▶ **Problem statement**:
Print only the lines below from the one with "Ermöglicht das Verwalten" to the one with "Secret Garden Milestone", both included, exactly as they stand. Leave pictures out.

▶ **Supplied records**:
......

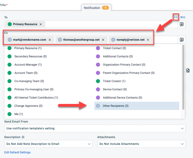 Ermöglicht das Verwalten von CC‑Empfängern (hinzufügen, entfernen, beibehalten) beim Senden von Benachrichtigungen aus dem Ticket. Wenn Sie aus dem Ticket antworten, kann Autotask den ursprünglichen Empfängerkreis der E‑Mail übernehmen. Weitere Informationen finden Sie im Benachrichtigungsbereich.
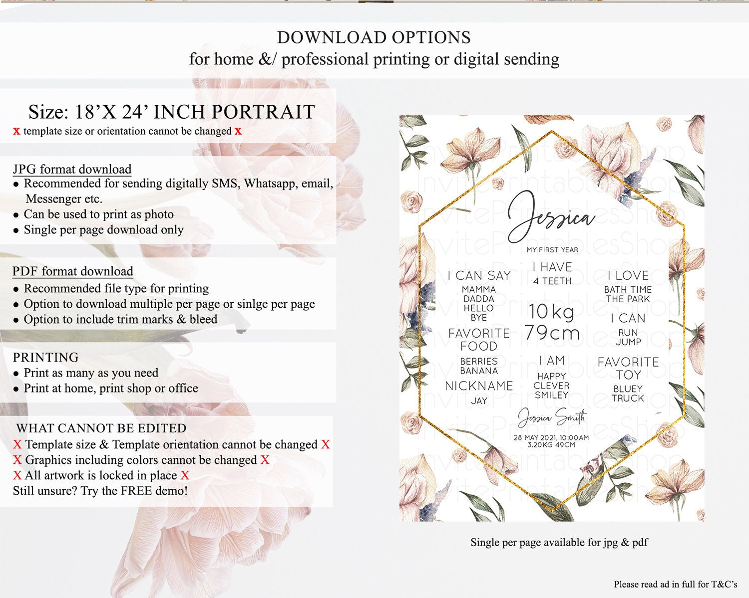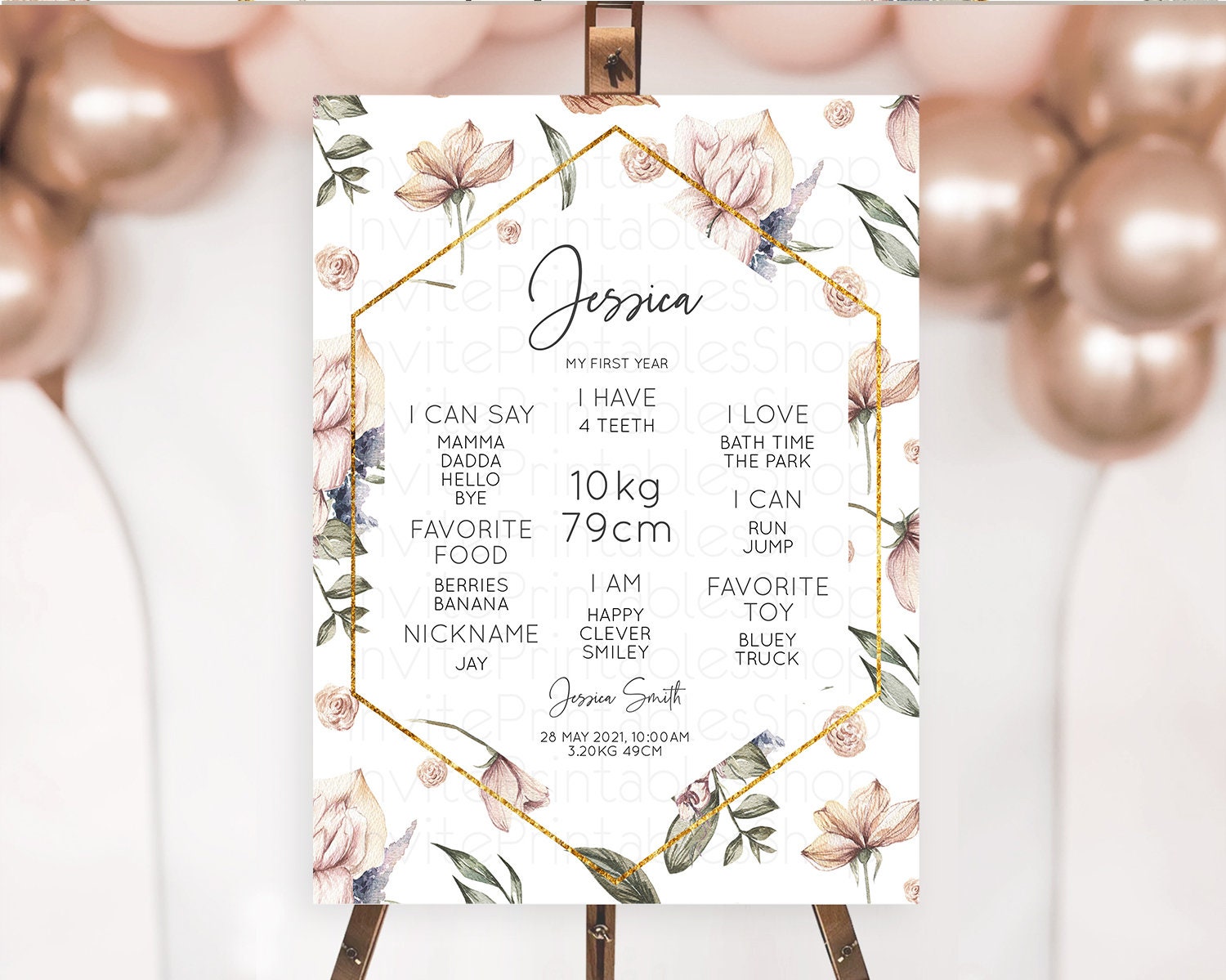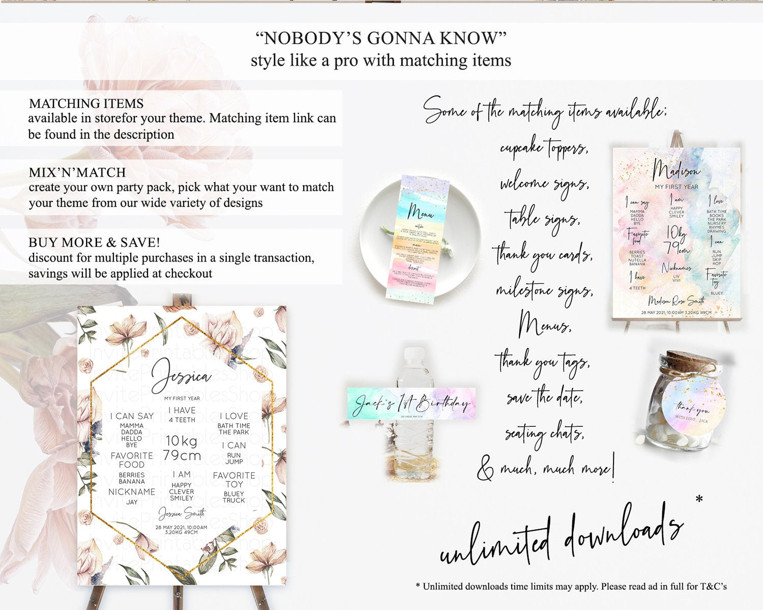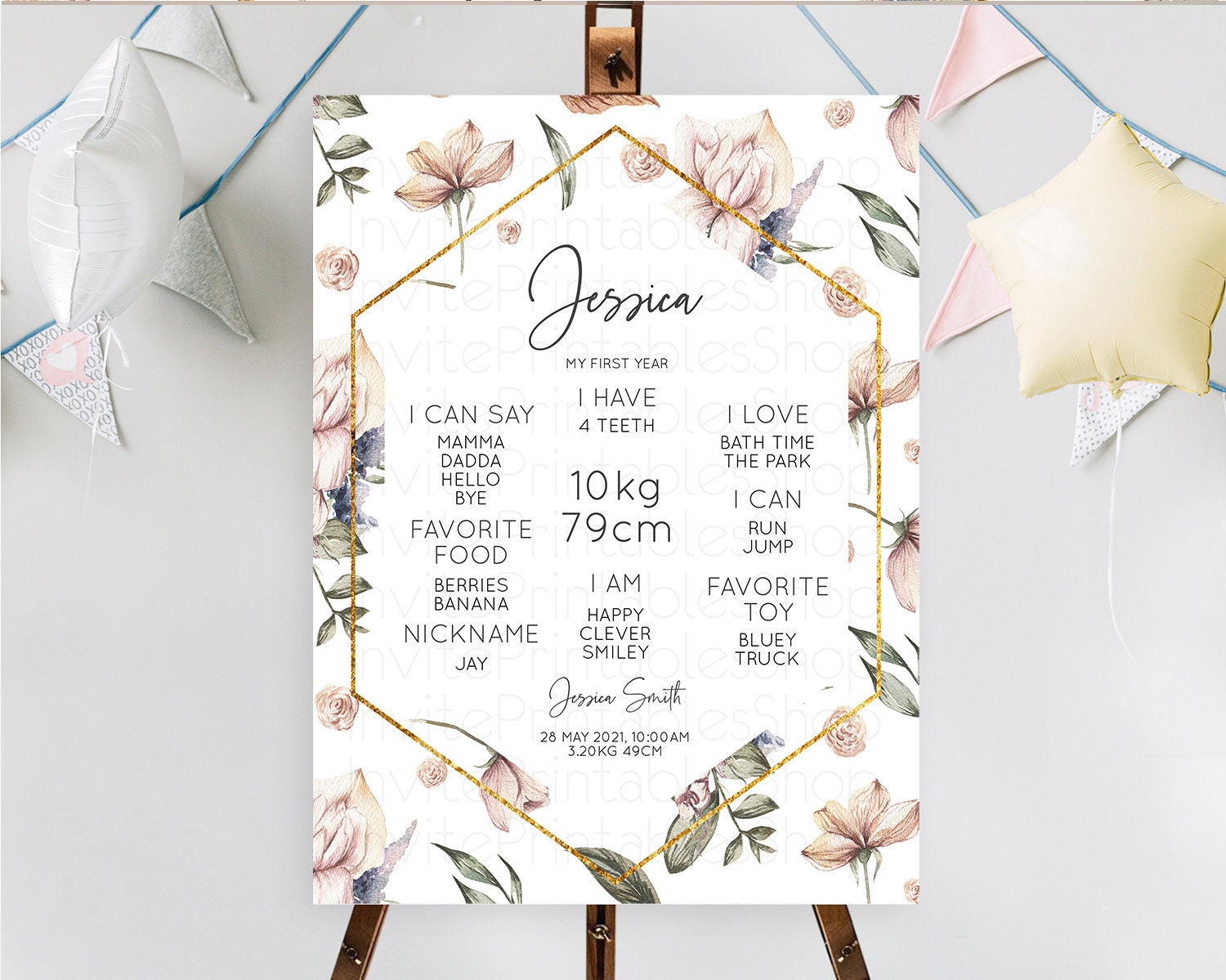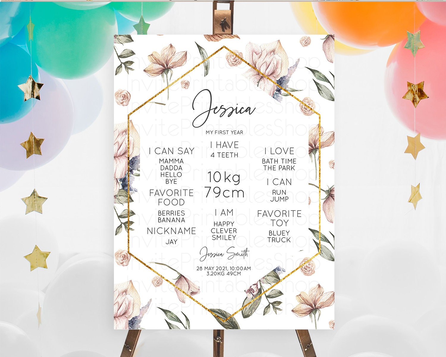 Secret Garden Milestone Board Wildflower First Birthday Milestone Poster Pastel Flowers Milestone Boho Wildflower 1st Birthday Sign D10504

......

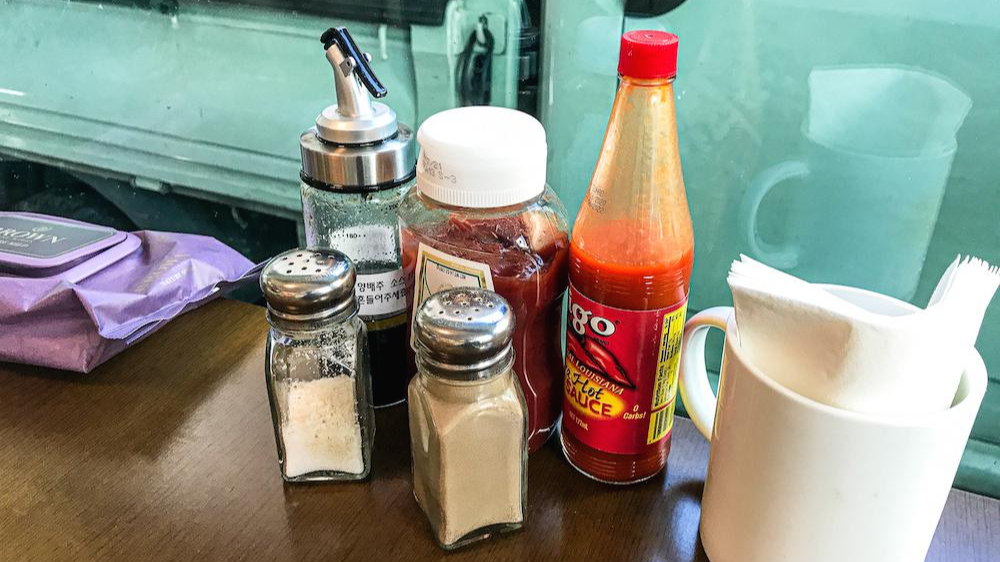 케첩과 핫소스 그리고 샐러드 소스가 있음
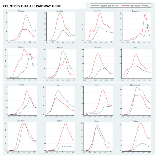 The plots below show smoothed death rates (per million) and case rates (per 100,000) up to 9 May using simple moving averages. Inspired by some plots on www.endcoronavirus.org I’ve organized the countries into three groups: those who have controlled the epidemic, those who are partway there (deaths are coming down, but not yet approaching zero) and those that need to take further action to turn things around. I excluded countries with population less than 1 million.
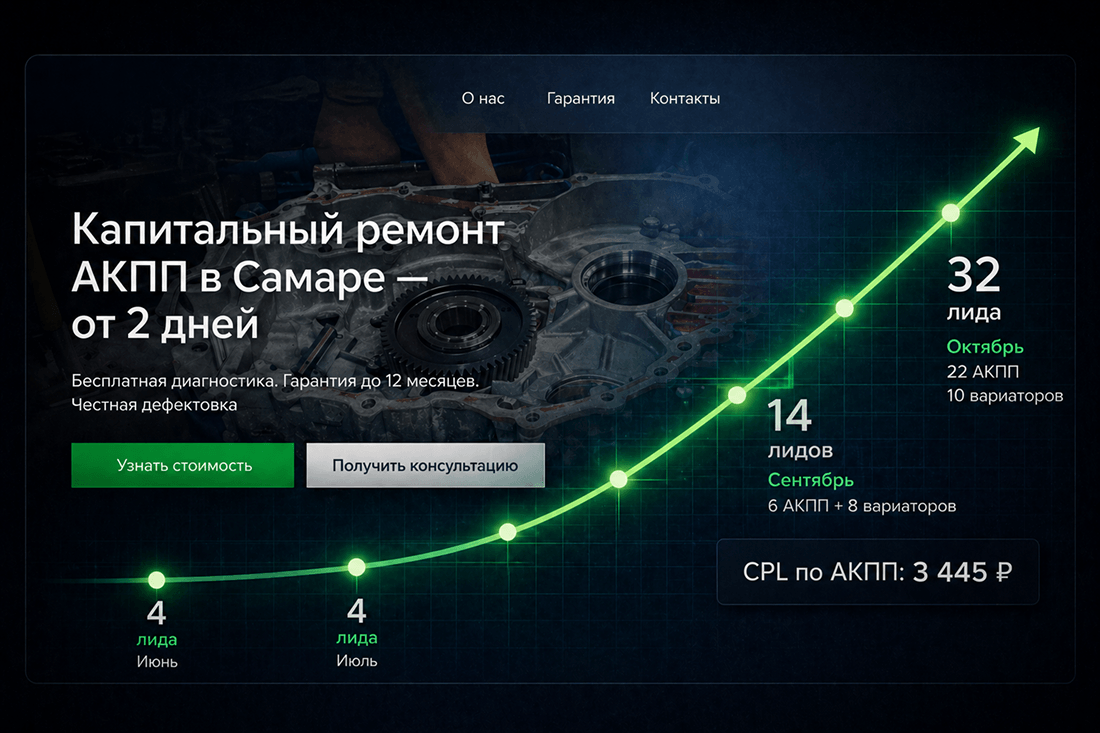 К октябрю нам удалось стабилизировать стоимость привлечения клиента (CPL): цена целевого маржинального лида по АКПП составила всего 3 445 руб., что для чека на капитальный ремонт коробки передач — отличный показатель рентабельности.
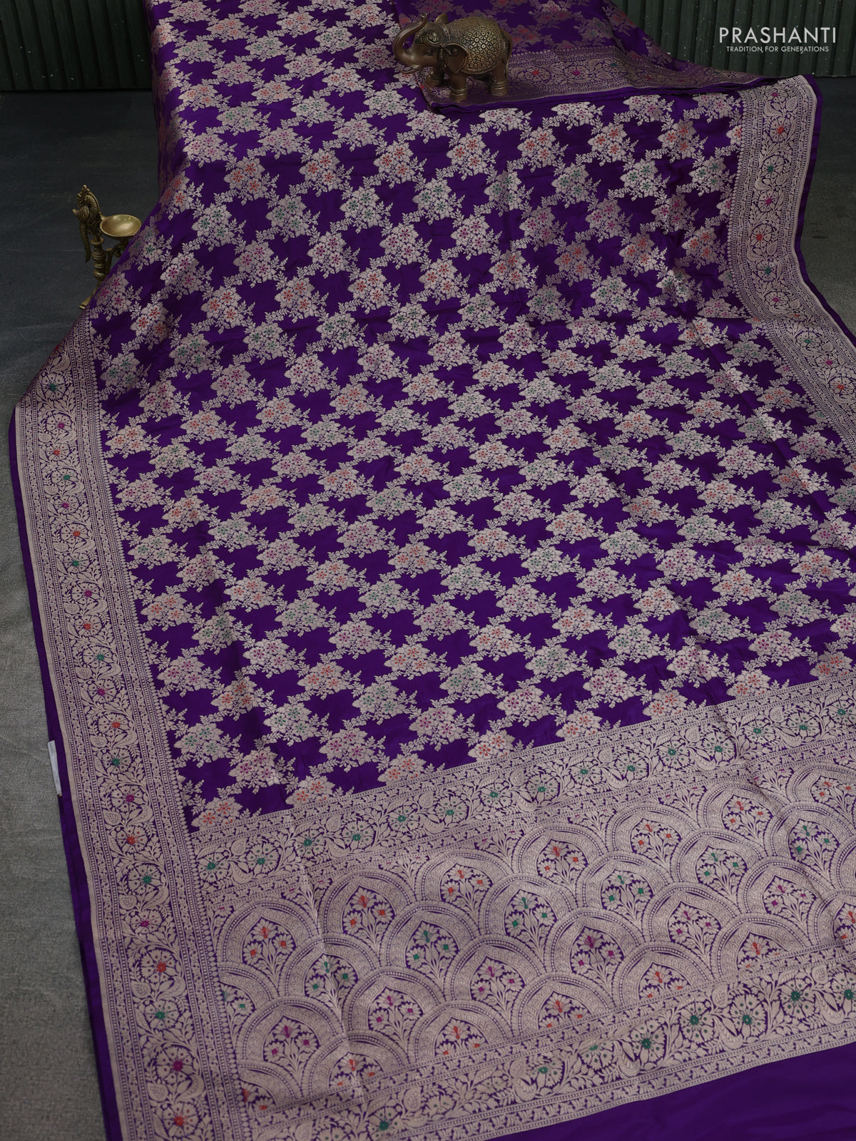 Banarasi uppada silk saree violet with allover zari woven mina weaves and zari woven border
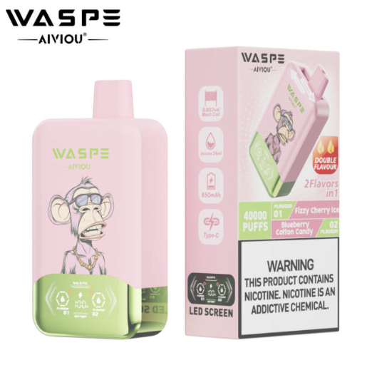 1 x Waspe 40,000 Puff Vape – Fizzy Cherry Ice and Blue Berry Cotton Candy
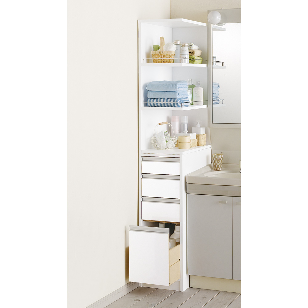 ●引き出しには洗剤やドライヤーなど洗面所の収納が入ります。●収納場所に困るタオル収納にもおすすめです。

......

▶ **The completed task**:
 Ermöglicht das Verwalten von CC‑Empfängern (hinzufügen, entfernen, beibehalten) beim Senden von Benachrichtigungen aus dem Ticket. Wenn Sie aus dem Ticket antworten, kann Autotask den ursprünglichen Empfängerkreis der E‑Mail übernehmen. Weitere Informationen finden Sie im Benachrichtigungsbereich.
 Secret Garden Milestone Board Wildflower First Birthday Milestone Poster Pastel Flowers Milestone Boho Wildflower 1st Birthday Sign D10504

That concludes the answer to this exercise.